PROBLEM
The answer must be only the lines below from the one holding "Z czerwonej kartki" down to the one holding "These Chute locations", ends included, printed exactly; please omit all pictures.

━━━━━ DATASET ━━━━━

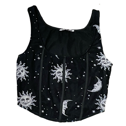 Black Celestial Moon and Stars Print Mesh Sleeveless Crop Top
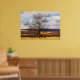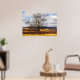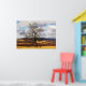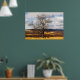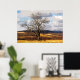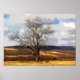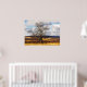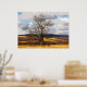 Este poster cuenta con un árbol con ramas desnudas que están solos en un campo dorado. Colinas onduladas en tonos dorados, amarillos, marrones y azules forman un telón de fondo. Un cielo nublado con manchas de azul completa esta escena rural de Nueva York.
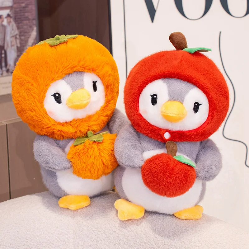 28CM Lovely Cartoon Anime Fruit Penguin Plush Doll Kawaii Apple Persimmon Penguin Stuffed Toy Children's Cute Sleeping Doll Gift $14.82
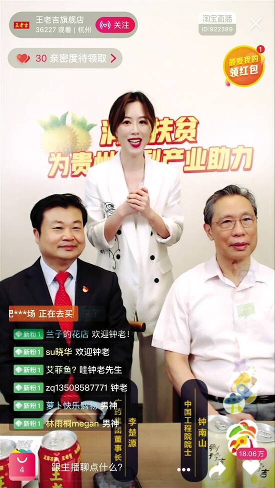 新快报讯 记者梁瑜报道 昨日下午,中国工程院院士、国家呼吸系统疾病临床医学研究中心主任钟南山和广药集团董事长李楚源共同进入网上直播厅,开启了一场别开生面的王老吉刺柠吉带货直播,与此同时,广药王老吉2亿元扶贫消费券正式上线。记者看到,钟南山助阵直播的1小时内,累计超过258万人次观看,超过835万人次点赞。截至28日当晚,已售出王老吉刺柠吉复合果汁饮料超过2万箱(每箱12罐)。新快报记者观察到,钟南山一上线,直播厅在线人数就直线飞升,主播和网友亲切地称呼钟南山院士为“男神”。钟南山、李楚源和淘宝主播组成了“直播天团”,向网友介绍刺梨、刺柠吉等,科普维生素C对提高免疫力的作用,以幽默、轻松的语言与线上观众进行直播互动。世界羽毛球女子冠军谢杏芳也通过隔空连线的形式,介绍居家抗疫期间的居家运动、健康料理等小技巧,引爆线上人气。
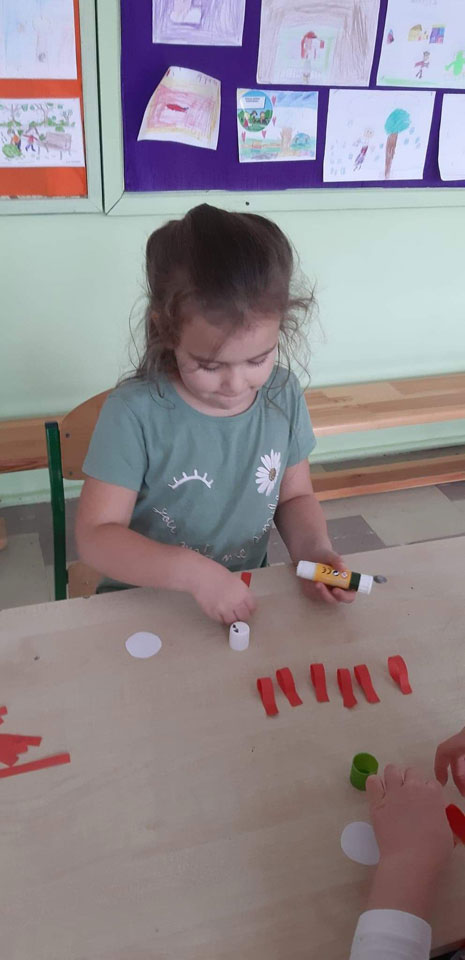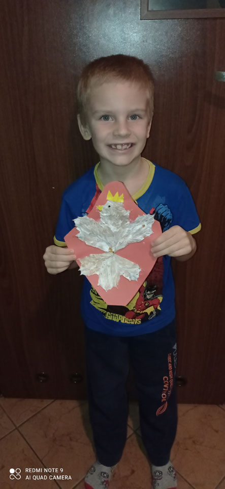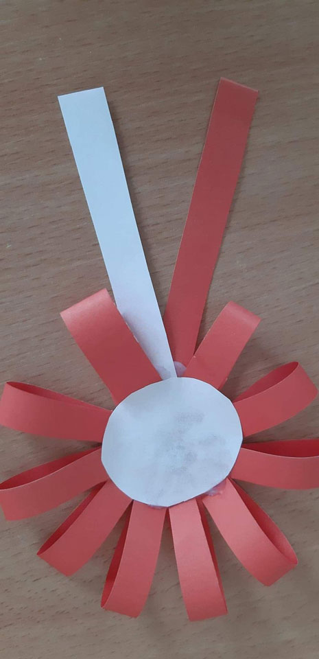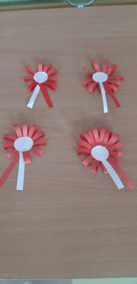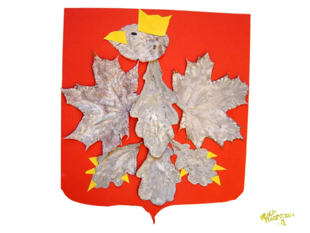 Z czerwonej kartki odcinamy dolną część na kształt tarczy godła. Dobieramy różne liście, układamy z nich orła, następnie malujemy na biało. Po wyschnięciu liście naklejamy na tarczę.
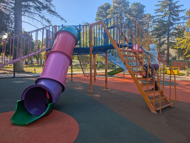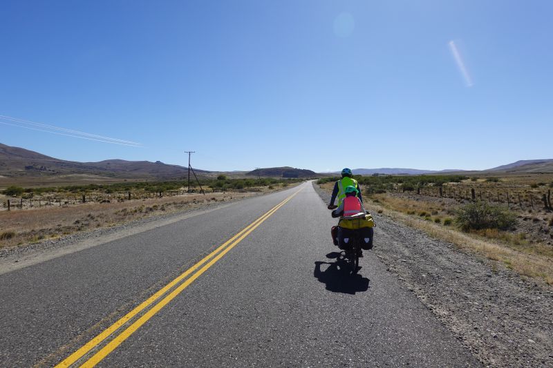 The lovely, paved bicycle path eventually became a not-quite-paved path and finally disappeared.  Then it was back to the road.  Luckily by this time there were enough huge speed bumps in the road that we were able to ride about as fast as traffic.  By the time the bumps disappeared we were able to duck off on a side road.  We wandered through a little Argentine town that truly didn’t have a whisper of tourism.  It was mostly gravel roads and dirt sidewalks, but there was also a tidy plaza and kids walking around.
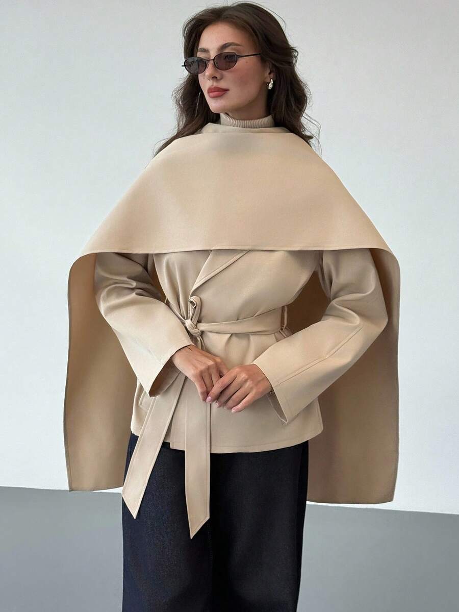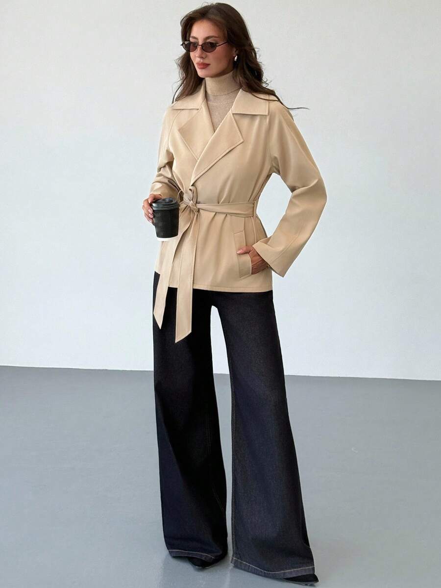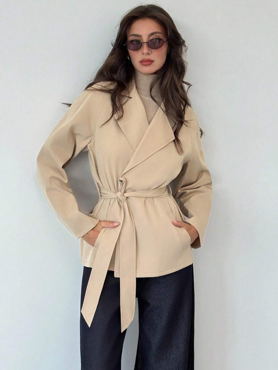 Abrigo trench de mujer de longitud media con cuello de chal, cintura cenida y bolsillos en la cintura, color camello, para otono/invierno
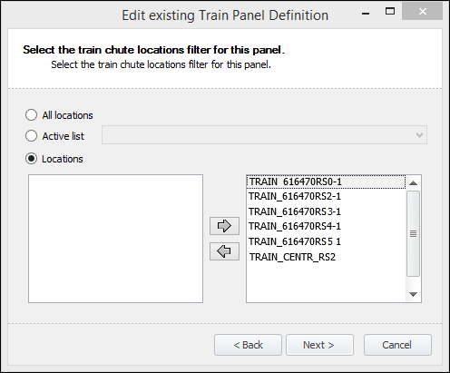 These Chute locations are then available for selection when you create or edit a Train panel in Data Acquisition.
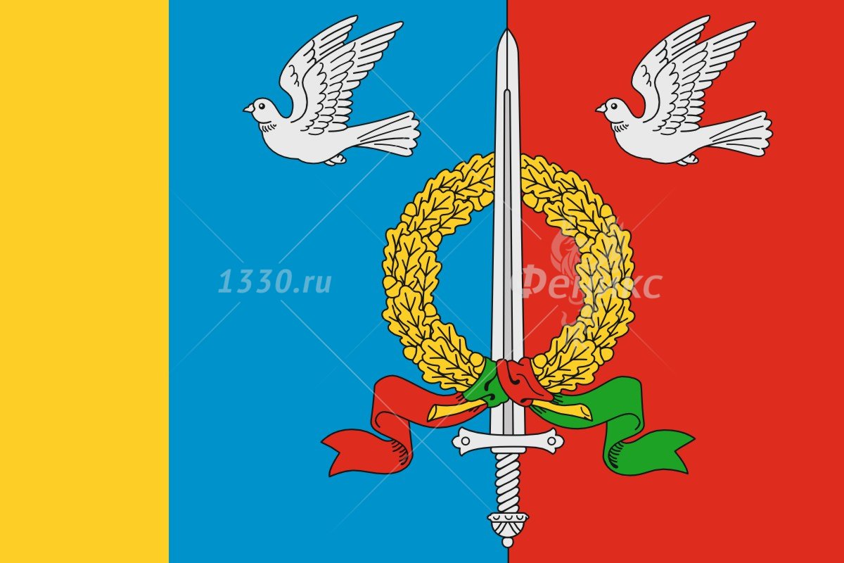 Флаг Горловского сельского поселения представляет собой прямоугольное полотнище с отношением ширины к длине 2:3, имеющее вдоль древка вертикальную жёлтую полосу шириной 1/5 длины флага. На основной части полотнища, состоящей из синей и красной равновеликих вертикальных полос изображена композиция фигур из герба муниципального образования – посередине белый меч вертикально продетый в желтый дубовый венок, перевязанный внизу лентой с развевающимися концами, справа красной, а слева зеленой, и сопровождаемый вверху по сторонам двумя белыми летящими к древку горлицами.
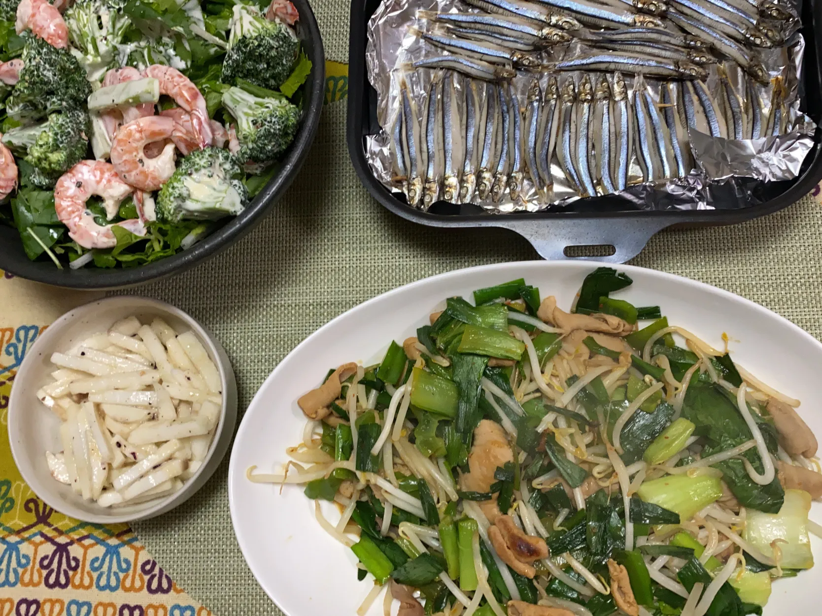 豚ホルモン野菜炒め、きびなご焼き、ブロッコリーとえびのサラダ、長芋梅昆布茶漬け
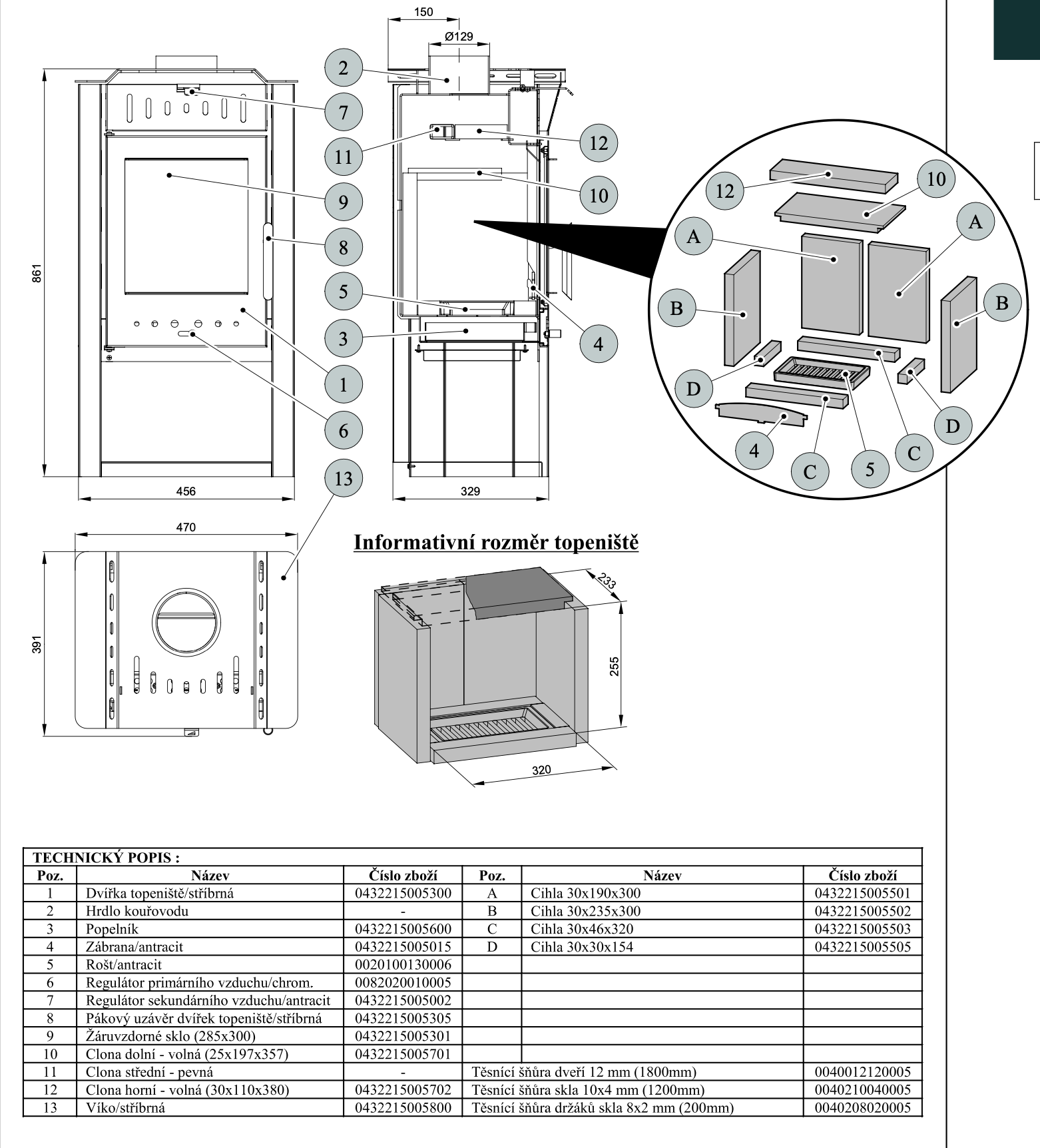 | Palivo: | dřevo, ekobrikety, uhelné brikety |
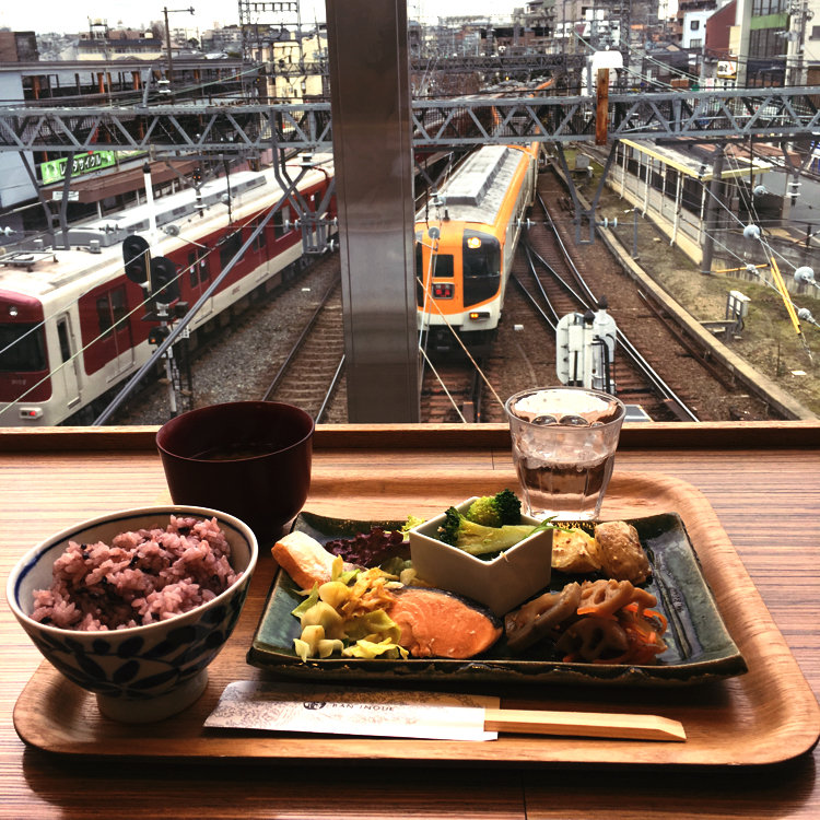 近鉄電車の大和西大寺駅構内にある駅ナカショッピングモール。その中に電車を上から眺められる展望デッキがあるのですが、おすすめなのがその駅ナカにあるカフェ「幡・イノウエ」。窓際の席に座るとなんと展望デッキ越しに電車が行き交う光景を見ながらご飯を食べることができるんです。駅の中にあるので入場券が必要ですが、展望デッキは無料です。駅ナカショッピングモールにはお店がたくさん入っているので、入場券買って入っても、電車見て、ご飯食べて、おやつ買って、お土産買って、、、と十分に楽しめるスポットでした。
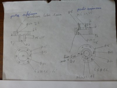voila voila ,parler de plans serait prétentieux disons plutôt dessins. Le montage fonctionne pour des pressions de 1 à 3,5 bars pour des pressions différentes il faut adapter le ressort, ça m'a pris beaucoup de temps pour trouver le bon.
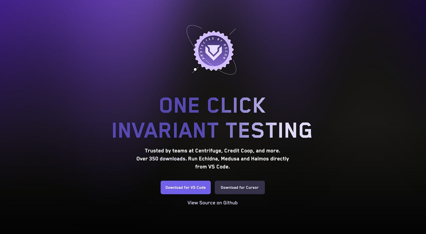 While trying to reach this goal we realized the primary thing stopping most developers from using invariant testing was the setup time. We created the Recon extension to reduce this setup time and make developers’ jobs easier, so that with one click you can: scaffold a new invariant testing suite, run fuzzers and formal verification tools and automatically convert broken invariant reproducers into Foundry unit tests, reducing the setup time from days to hours.
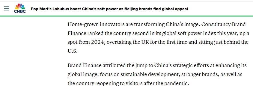 文章說,英國(guó)“品牌金融”咨詢公司今年發(fā)布的全球軟實(shí)力指數(shù)顯示,中國(guó)排名升至全球第二——較2024年上升一位,首次超越英國(guó),目前僅次于美國(guó)。該公司分析認(rèn)為,中國(guó)軟實(shí)力躍升的重要原因在于中國(guó)提升國(guó)際形象的戰(zhàn)略性舉措、對(duì)可持續(xù)發(fā)展的堅(jiān)定投入、日益增強(qiáng)的品牌實(shí)力,以及向全球游客敞開國(guó)門。消費(fèi)分析師認(rèn)為,經(jīng)過這些努力,人們終于能穿透貼在中國(guó)產(chǎn)品身上的負(fù)面濾鏡,看清產(chǎn)品的真正價(jià)值,逐漸擺脫過去對(duì)“中國(guó)制造”的刻板偏見。
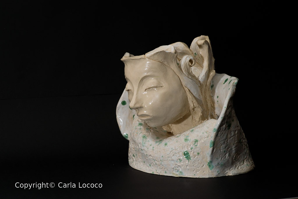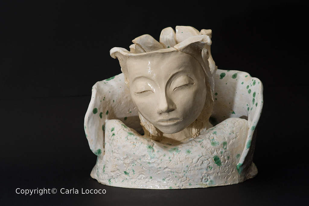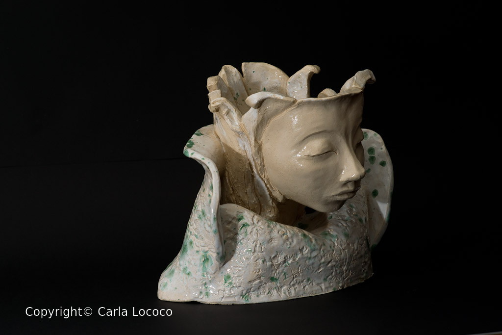 Märchenhafte frei modellierte Gartenskulptur aus weißem Ton gestaltet, delikat glasiert. Wetterfest, sollte aber vor Frost geschützt werden.
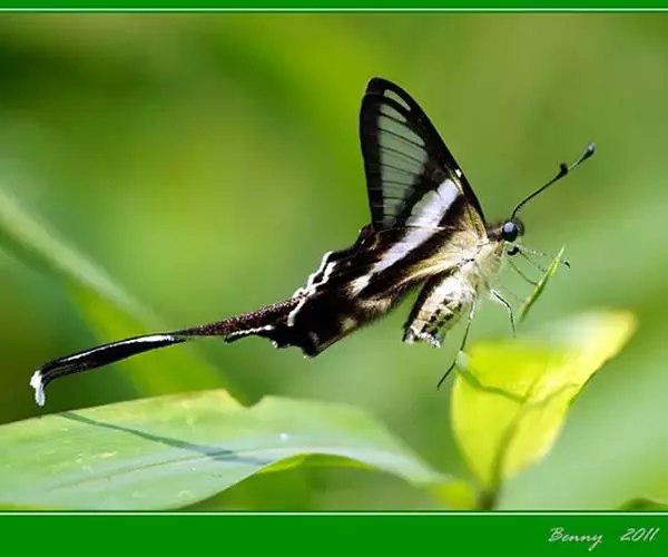 白带燕凤蝶,Lamproptera curia (Fabricius),凤蝶科燕尾凤蝶属的一个物种。具有独特的外形,突出特征是有长而宽的折叠尾和较长的触角。
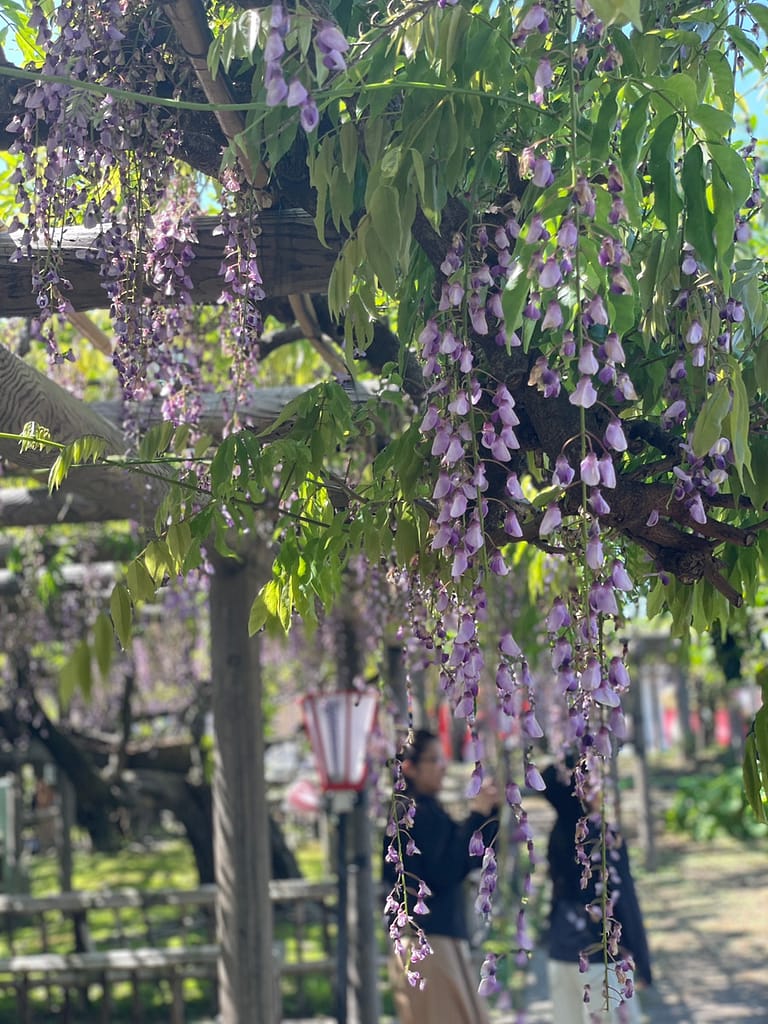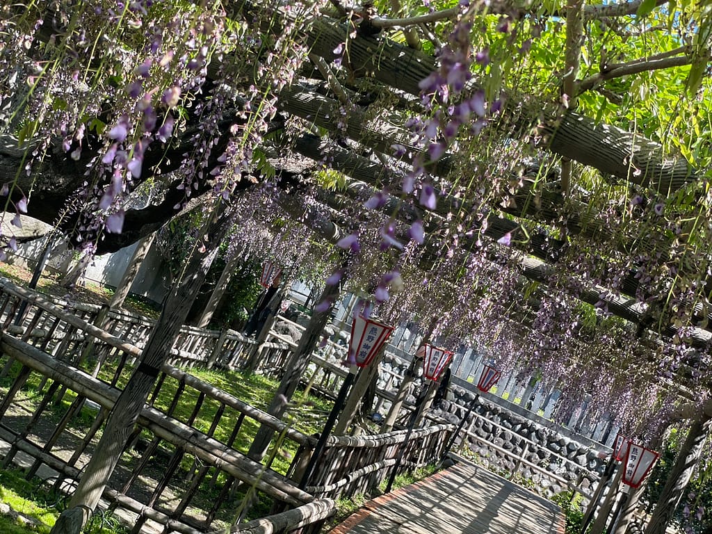 藤の花が棚いっぱいに広がる様子は幻想的で、特に晴れた日の青空とのコントラストが絶景!

━━━━━

ANSWER TO THIS EXERCISE
 Z czerwonej kartki odcinamy dolną część na kształt tarczy godła. Dobieramy różne liście, układamy z nich orła, następnie malujemy na biało. Po wyschnięciu liście naklejamy na tarczę.
 The lovely, paved bicycle path eventually became a not-quite-paved path and finally disappeared.  Then it was back to the road.  Luckily by this time there were enough huge speed bumps in the road that we were able to ride about as fast as traffic.  By the time the bumps disappeared we were able to duck off on a side road.  We wandered through a little Argentine town that truly didn’t have a whisper of tourism.  It was mostly gravel roads and dirt sidewalks, but there was also a tidy plaza and kids walking around.
 Abrigo trench de mujer de longitud media con cuello de chal, cintura cenida y bolsillos en la cintura, color camello, para otono/invierno
 These Chute locations are then available for selection when you create or edit a Train panel in Data Acquisition.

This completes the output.